Going under the knife is never an easy proposition. But being of a certain age and after some not-so-subtle deliberations with my personal manager (AKA my wife), the time came for me to make a truly unassailable decision: I needed to remove the bullets from my gun.
Intellectually, I realize that a vasectomy is a minor surgical procedure with an incredible upside. And yet... EEEEEEEEK! But one step at a time, right?
First came the consultation with my general practitioner. The literature was clear, concise, and damn it all to hell, somewhat funny, too! I learned that some discomfort might result, and some shaving down there might be required to make the... umm... “field battle-ready.” I wasn’t daunted yet, so I signed the consent form—confident that my vasectomy wouldn’t take place until sometime far off in the future, when I could still change my mind, and... wait. What? Someone’s calling me at work?
“Mr. Davis, though your vasectomy is scheduled for much later, we have an opening tomorrow. Would you like to take it?”
Damn it. NEVER answer the phone at work.
“Yes, I’ll take it. Yes, I have the literature. Yes, I have the single Valium pill, and a ride home after the procedure. Yes.” NOOO!
Burying my panic, I launched into prep mode. First, procure an athletic supporter. (Pro tip: Despite all common sense, they’re located in Fred Meyer’s sporting goods section—not the underwear department.) Then, after a dinner of gin and tonics, I hopped in the bath, and gently (OH SO GENTLY) shaved my junk, dried off, and retired to a restless night of tossing and turning.
The next day I arrived at the office, signed myself in, and popped my pill (AKA Prince Valium). Within minutes I was a drooling, slumping foolbrick, ready for anything.
Upon being escorted to the procedure room (and tripping over my jockstrap as I undressed), I lay back on the table with my shirt on, and a large medi-towel draped across my bits. The doctor informed me I might feel a bit of “pressure” when the local anesthetic was administered. (Pro tip: There is no pro tip. Just try not to think about it.)
Once it was established that I had no idea where my groin was, I heard snipping. Then, the wafting and somehow sweet smell of cauterization filled the room. But actually, I felt fine. In fact, I found myself muttering aloud, “Thiss kinda reminds me of Braveheart.” The doctor and nurse were puzzled. “Really? How do you mean?” With all the strength I could summon, I exclaimed, “FRRREEEEEEEDDDOOOMM!”
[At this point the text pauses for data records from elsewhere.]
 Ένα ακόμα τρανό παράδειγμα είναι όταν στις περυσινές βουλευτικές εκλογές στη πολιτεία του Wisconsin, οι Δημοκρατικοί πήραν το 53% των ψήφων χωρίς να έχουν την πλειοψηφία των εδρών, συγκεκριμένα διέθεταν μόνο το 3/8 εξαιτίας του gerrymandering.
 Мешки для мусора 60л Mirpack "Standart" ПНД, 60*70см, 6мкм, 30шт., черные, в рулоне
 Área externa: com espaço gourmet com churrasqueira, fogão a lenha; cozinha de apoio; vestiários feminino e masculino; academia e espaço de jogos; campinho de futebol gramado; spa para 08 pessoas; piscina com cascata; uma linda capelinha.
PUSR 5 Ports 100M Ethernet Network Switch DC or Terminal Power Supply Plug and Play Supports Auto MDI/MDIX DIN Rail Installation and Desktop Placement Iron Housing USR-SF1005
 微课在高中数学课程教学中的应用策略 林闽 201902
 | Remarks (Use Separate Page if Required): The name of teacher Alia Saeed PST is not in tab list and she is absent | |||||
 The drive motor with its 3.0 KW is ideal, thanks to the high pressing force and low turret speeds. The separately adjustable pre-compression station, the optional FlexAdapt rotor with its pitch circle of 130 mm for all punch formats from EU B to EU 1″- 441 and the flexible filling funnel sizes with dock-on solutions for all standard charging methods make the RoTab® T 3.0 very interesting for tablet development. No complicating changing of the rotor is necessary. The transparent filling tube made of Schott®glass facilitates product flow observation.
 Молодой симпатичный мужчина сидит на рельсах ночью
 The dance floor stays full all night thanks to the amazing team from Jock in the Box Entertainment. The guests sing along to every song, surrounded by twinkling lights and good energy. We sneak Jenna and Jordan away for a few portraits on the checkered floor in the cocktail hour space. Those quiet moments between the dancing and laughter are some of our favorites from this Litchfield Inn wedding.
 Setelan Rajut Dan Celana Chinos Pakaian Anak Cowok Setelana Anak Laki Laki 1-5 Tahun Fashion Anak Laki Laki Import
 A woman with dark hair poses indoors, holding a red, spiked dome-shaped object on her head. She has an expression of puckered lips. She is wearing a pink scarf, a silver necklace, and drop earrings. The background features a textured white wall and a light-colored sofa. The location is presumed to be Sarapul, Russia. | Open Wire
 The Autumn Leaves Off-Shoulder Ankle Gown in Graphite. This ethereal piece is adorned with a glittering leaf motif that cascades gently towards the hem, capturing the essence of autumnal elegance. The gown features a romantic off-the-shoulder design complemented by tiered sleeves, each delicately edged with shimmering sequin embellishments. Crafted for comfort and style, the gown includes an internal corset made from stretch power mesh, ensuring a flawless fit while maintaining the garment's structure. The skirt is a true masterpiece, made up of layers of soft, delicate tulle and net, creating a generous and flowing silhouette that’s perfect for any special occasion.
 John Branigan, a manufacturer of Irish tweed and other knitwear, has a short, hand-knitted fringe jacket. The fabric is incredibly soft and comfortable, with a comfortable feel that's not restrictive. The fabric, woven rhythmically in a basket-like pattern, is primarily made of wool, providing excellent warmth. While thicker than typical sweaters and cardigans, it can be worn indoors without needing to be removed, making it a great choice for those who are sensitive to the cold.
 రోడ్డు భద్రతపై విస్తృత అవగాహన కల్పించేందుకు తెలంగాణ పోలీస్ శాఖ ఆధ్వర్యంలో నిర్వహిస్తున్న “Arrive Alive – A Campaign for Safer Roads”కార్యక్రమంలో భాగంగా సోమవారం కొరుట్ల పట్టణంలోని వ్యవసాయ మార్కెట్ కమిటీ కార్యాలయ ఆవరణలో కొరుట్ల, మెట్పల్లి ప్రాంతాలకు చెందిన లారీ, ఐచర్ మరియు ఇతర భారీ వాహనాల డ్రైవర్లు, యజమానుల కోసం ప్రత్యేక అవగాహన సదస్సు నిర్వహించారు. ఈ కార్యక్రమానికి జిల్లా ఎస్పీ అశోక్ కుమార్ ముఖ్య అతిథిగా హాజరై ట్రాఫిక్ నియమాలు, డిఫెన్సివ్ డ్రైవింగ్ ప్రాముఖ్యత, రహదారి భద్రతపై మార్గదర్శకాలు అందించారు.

It’s one week later, and I’m still sporting the supporter. My scrabble bag isn’t as sore, and what was originally a bruised rainbow of purple, blue, and other truly wrong colors is almost recognizable. In six weeks (and roughly 20 ejaculations to make sure none of my swimmers are hiding out), I’ll take a juice sample to the testing lab—just to ensure I’ve experienced the correct level of embarrassment. But then? I will have what Braveheart and so many more have yearned for: FREEDOM. (And my personal manager is pretty happy about it, too.)